At the Hatta Honey Bee Discovery Centre, you can don beekeeping suits to get hands-on with real working hives, and taste honey made from ghaf pollen – the UAE’s national tree. Soon, Al Mutuwaiee’s Hatta Strawberry Farm will offer pick-your-own organic fruit, plus farm tours and a coffee shop selling homemade preserves. There are endless hiking trails through the peaks, ancient tribal forts to explore, and almost 40km of graded cycling routes.

Another newbie is Hatta Kayak, a watersports base at Hatta Dam. This vast, tranquil reservoir is surrounded by mountains, its water sparkling like diamonds in the abundant sunshine.
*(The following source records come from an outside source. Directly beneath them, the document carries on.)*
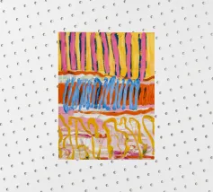 Een abstract kunstwerk dat lijkt op een lappendeken, met verschillende rechthoekige kleurvlakken: blauwe en witte verticale strepen, effen groen en licht geelgroen, mogelijk een gestileerd kustlandschap.
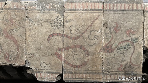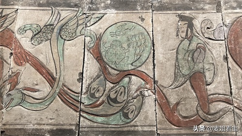 这一部分展出的是河南地区从两汉到民国,一共18组65幅185平方米的古代壁画。题材从上古神话、孝子故事、飞天伎乐等等应有尽有。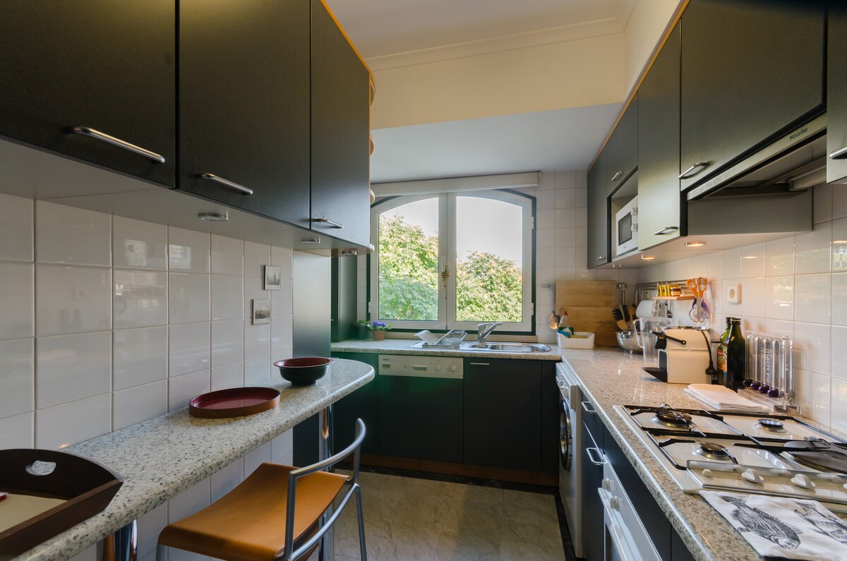 - SPEKTAKULÄR HAVSUTSIKT - TERRAS -6 MINUTERS PROMENAD TILL STRANDEN - SUPER SNABBT WIFI - ARBETA HEMIFRÅN - TVÄTTMÖJLIGHETER Denna rymliga och eleganta lägenhet med 1 sovrum ligger på översta våningen med utsikt över havet. De historiska byggnaderna i Monte Estoril, linje utsikten med sin arkitektoniska prakt härstammar från början av 1900-talet portugisiska aristokratin. En kort promenad leder till stranden och tar dig till Estoril eller Cascais i båda riktningarna. Noggrant utformad så att våra gäster kan njuta av lyx och plats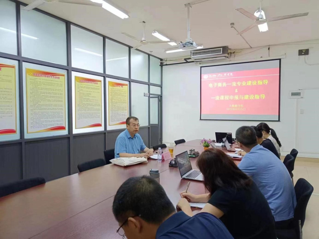6月25日上午,电子商务教指委专家杨兴凯教授来院指导一流专业建设和一流课程的申报与建设,双方就学院一流专业建设、专业申报等多方面进行深入交流。大数据学院各系主任及优秀教师代表等8人出席了此次指导会。会上,杨兴凯教授对我院电子商务一流专业建设提出了宝贵的建设性意见,并就一流课程申报指出要想加强对学科的建设,必须从学科定位、科学研究、教学工作与人才培养、学科基地或工作条件建设、学科的管理等多方面入手。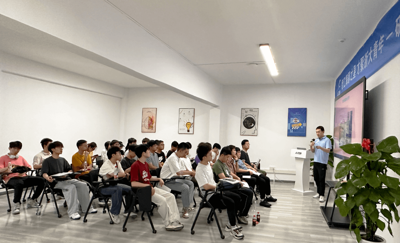 活动伊始,海豚之星AiTEN 程总以宏观的视野、清晰的脉络,生动描绘了公司在智能物流领域的战略布局、核心价值与未来愿景。这场高屋建瓴的分享,不仅让同学们了解了海豚之星的成长与抱负,更激发了大家对智能科技产业化应用的深入思考,为后续的深入交流奠定了坚实基础。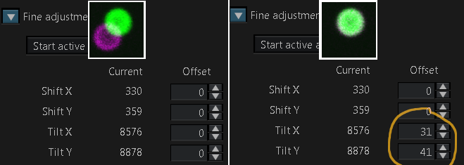 This is a single 4 um diameter multicolor bead and due to the laser paths at slight tilts, the excitation paths are not in register (not coaligned). To fix this, adjust the Tilt X and Tilt Y. You may want to go to a non-precious area and zoom in at 256 x 256 pixels and scan fast while adjusting. Adjust the Tilt, not the Shift, and this can be done with either or both of the lasers.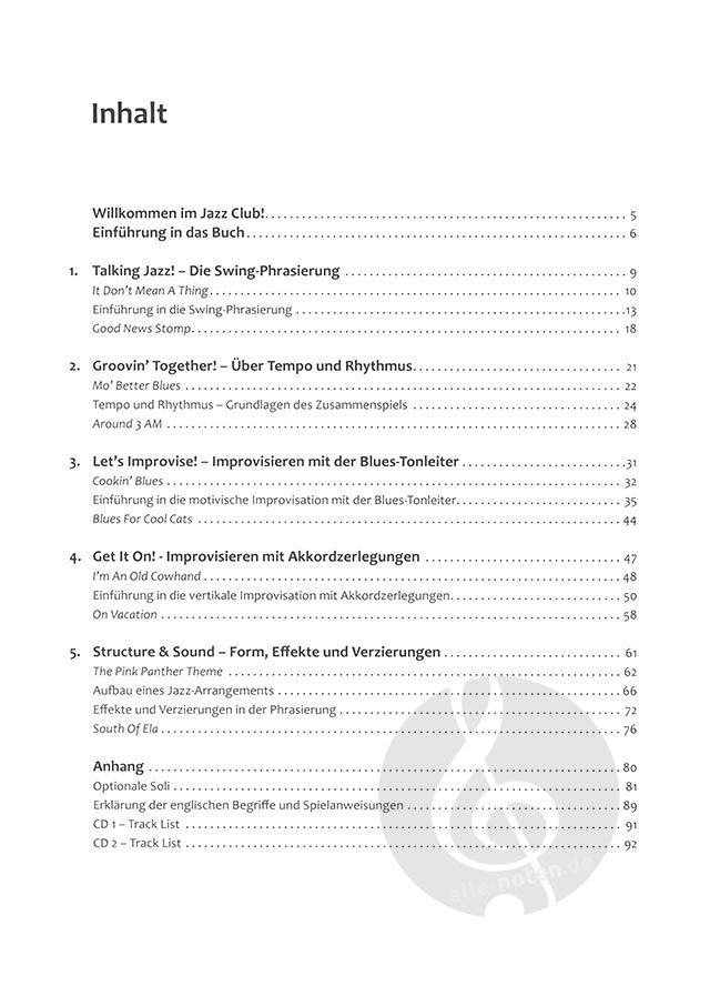 JAZZ CLUB ermöglichlicht einen spielerischen Einstieg in den Jazz und soll die oft vorhandene Schwellenangst vor Improvisation und Jazz-Theorie nehmen. Interessierte können erst einmal 10 groovige Stücke verschiedener Stilistiken zu den Play-alongs spielen und so mit dem 'Sound' des Jazz vertraut werden. Soli, Akkorde und Rhythmik sind ausgeschrieben, man kann, aber muss nicht, selbst improvisieren oder frei begleiten. Die Stücke sind in 5 Kapitel mit je einem jazz-spezifischen Thema zusammengefasst. Wer tiefer in die Materie eintauchen will, findet Übungen samt Play-alongs zu den Themen Jazz-Phrasierung, Tempo & Rhythmik, Improvisation, Form & Effekte. Die Ausgaben gehen also den Weg 'vom Stück zur Theorie' und nicht umgekehrt.

It is genuinely stunning, yours to explore by kayak, pedalo or cruise boat, with only a few elegant grey cormorants for company.

Peak-perfect camping

You’d think that, in this nation of five-star hotels, a tent wouldn’t hold much allure, but demand for the area’s campsites is high – little wonder, because they’re utterly beautiful. Mountain vistas, secluded pitches, excellent facilities: a rainy Dorset weekend this is not. Bathrooms and shower blocks are squeaky-clean, and trendy food trucks sell proper coffee, hot dinners, and Arabic specialities such as sweet syrup-drenched luqaimat dumplings. 

“The first time I visited, I couldn’t believe my eyes,” confided Rania Jabar, a Canadian living in Dubai for 16 years, while watching her kids scale Wadi Hub’s climbing wall. “Dubai had a whole new side we never knew existed! Three years later, we come all the time. My children had never camped before, but they love it.”